Monday, May 2, 2016

Perils of Procrastination among Pacifica Iris

Kathleen Sayce
March 29, 2016

For those perfect gardeners among us, no pot of Iris seedlings ever goes a year or two too long before being separated and planted out. 

I'd like to know who they are, because this year I learned what happens when a styrofoam box of Pacifica Iris seedlings grows a year too long before division:  They grow their new roots into the box walls, out the bottom and into whatever medium is beneath. If the potting mix is to their liking, they also completely fill the mix with roots. 


A year past optimal planting out size, this dense mass of Pacifica Iris seedlings was not about to move to a new home easily. 


Thus, there I was on a sunny early spring day between storms, prying plants formerly seen as fragile out of what was formerly a porous and well drained potting mix of coarse perlite and half potting soil.  

First I tugged, then I tried to dig out some of the medium and gain some working space.  A few frustrating minutes followed with very little movement towards releasing these irises from their starter home. 


Sign of a thriving patch of Iris seedlings:  roots through the box into the gravel beneath. 

Then I resorted to my new favorite tool, a Japanese hori nori (gardening knife) and used the serrated edge to cut between plants, knowing I would cut through some.  Then I got tough, and held the box down with one foot and pried with both hands. Finally, most of the soil and roots emerged in a solid mass, which I was able to cut, not pry, apart. 




On the second box, I simply cut it open along the corners and took the mass of roots and plants out, and then cut them apart. 


Remains of the planting box to the left, a portion of the root mass to the right


Then I checked the plants from last year, which will go out soon, and sure enough, these young Pacifica Iris have also grown through the box into the ground and into the walls.

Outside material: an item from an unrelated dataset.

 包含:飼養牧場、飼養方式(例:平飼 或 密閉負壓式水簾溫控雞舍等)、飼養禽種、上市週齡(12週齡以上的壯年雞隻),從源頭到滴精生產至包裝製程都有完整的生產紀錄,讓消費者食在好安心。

Only a third the size of the older seedlings, they should come out a little more easily. . . 



Last year's seedlings are also ready to go, but I might not need to stand on my head to get these out, if I move them soon. 

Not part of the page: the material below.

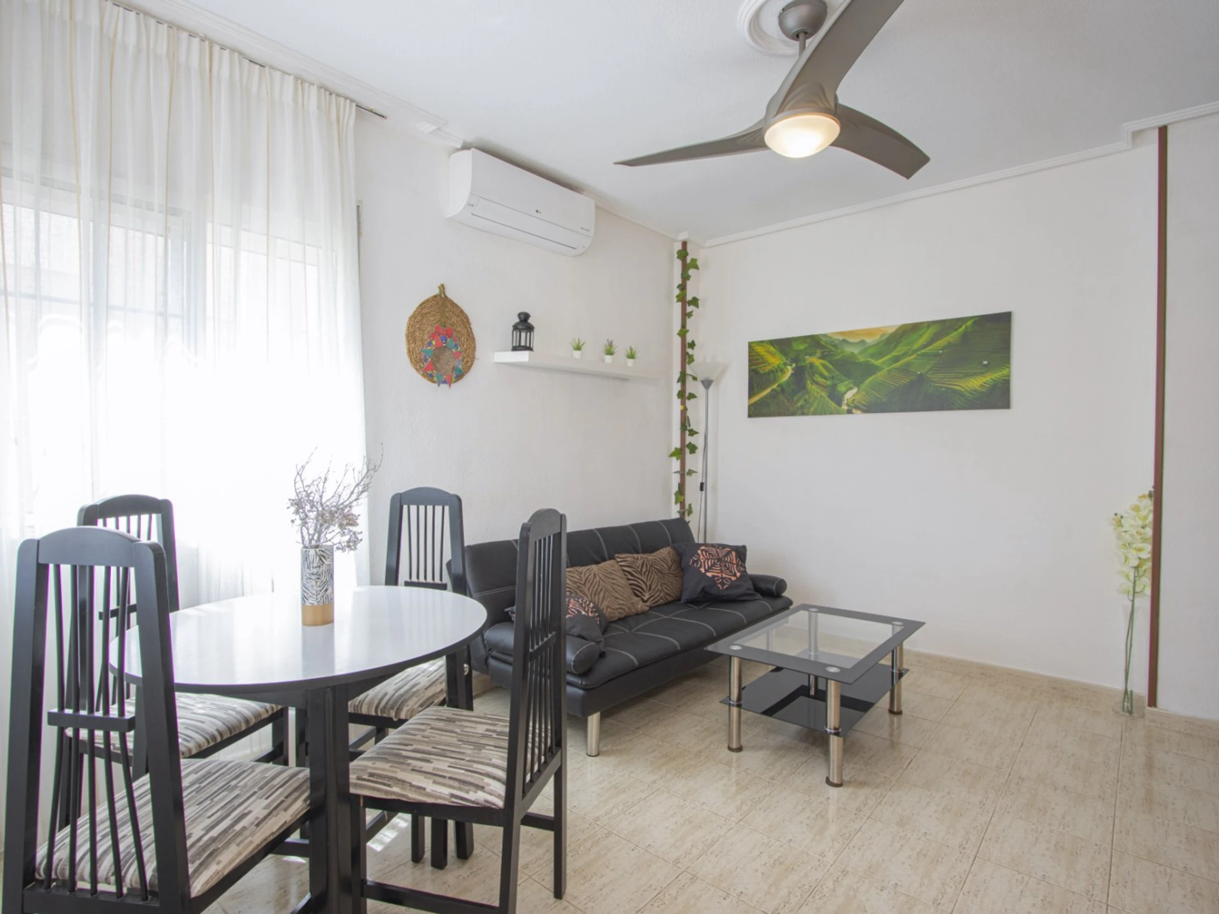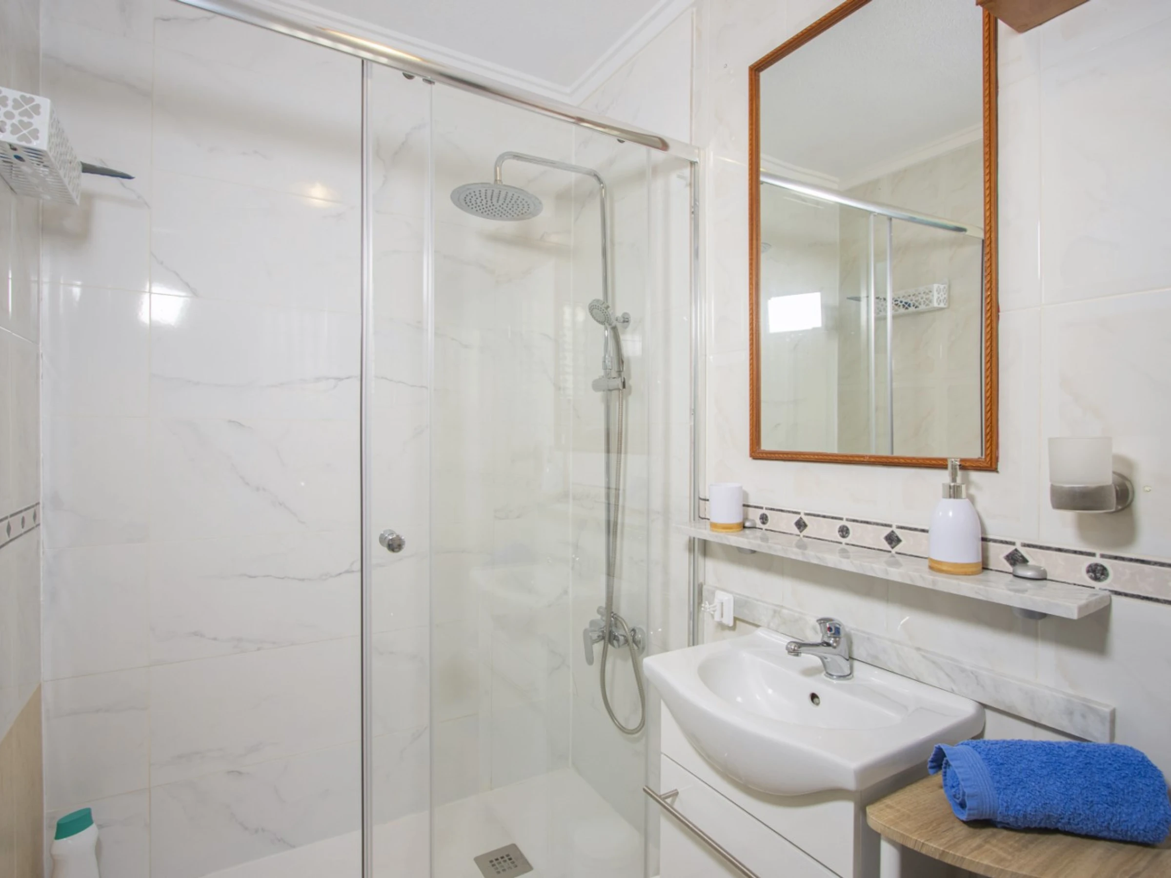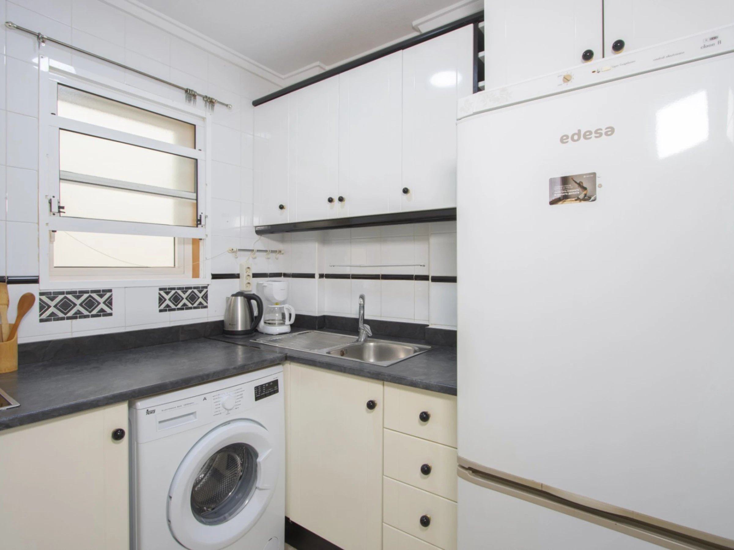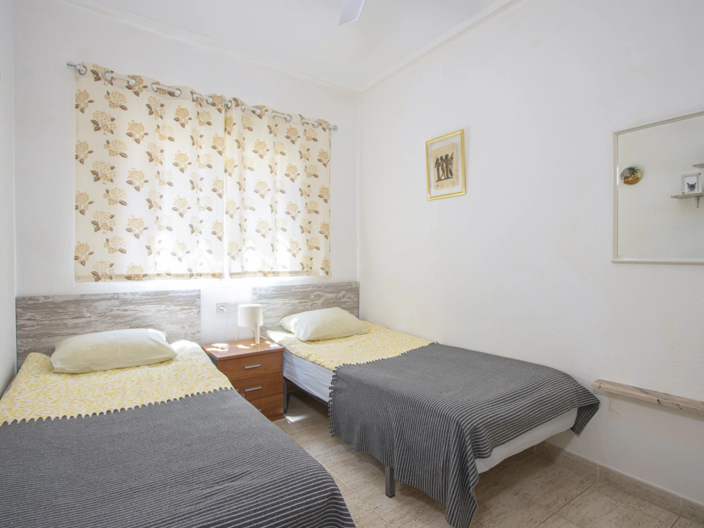 Nous proposons à la location un bungalow dans une urbanisation avec piscine dans le quartier d'Aguas Nuevas près de La Mata. L'appartement a une superficie de 42 m2 et se compose d'un séjour, de deux chambres, d'une cuisine séparée, d'une salle de bain et d'une terrasse vitrée. Les appartements disposent de tout ce dont vous avez besoin pour vivre et vous détendre : meubles, appareils électroménagers (dont une cafetière), vaisselle, linge de lit et serviettes. Télévision espagnole. La climatisation est installée dans le salon. La région dispose d'infrastructures bien développées. La chaîne de supermarchés Mercadona se trouve à environ 350 mètres. Il y a aussi des bars et des cafés. La mer est à environ 1 km, la plage de La Mata est à environ 1,5 km. Possibilité d'hébergement – jusqu'à 4 personnes (pas d'animaux). Il est strictement interdit de fumer à l’intérieur ! La location d'un lit bébé et d'une chaise haute coûte 20 euros par séjour.

There are undoubtedly some choice seedlings buried in the masses I planted––which is probably the worst of the unintended consequences. 

Why use styrofoam boxes for seeds? In the first few years of growing irises from seed, I found that dark plastic pots heat up in the summer, and when combined with normal summer drought, many seedlings died. I grow larger seedlings faster in styrofoam, which I deduce keeps the roots cooler. I may need to rethink the larger-faster-healthier choice and go back to slower, smaller and a little less vigorous. Or get out in the garden and repot them more promptly!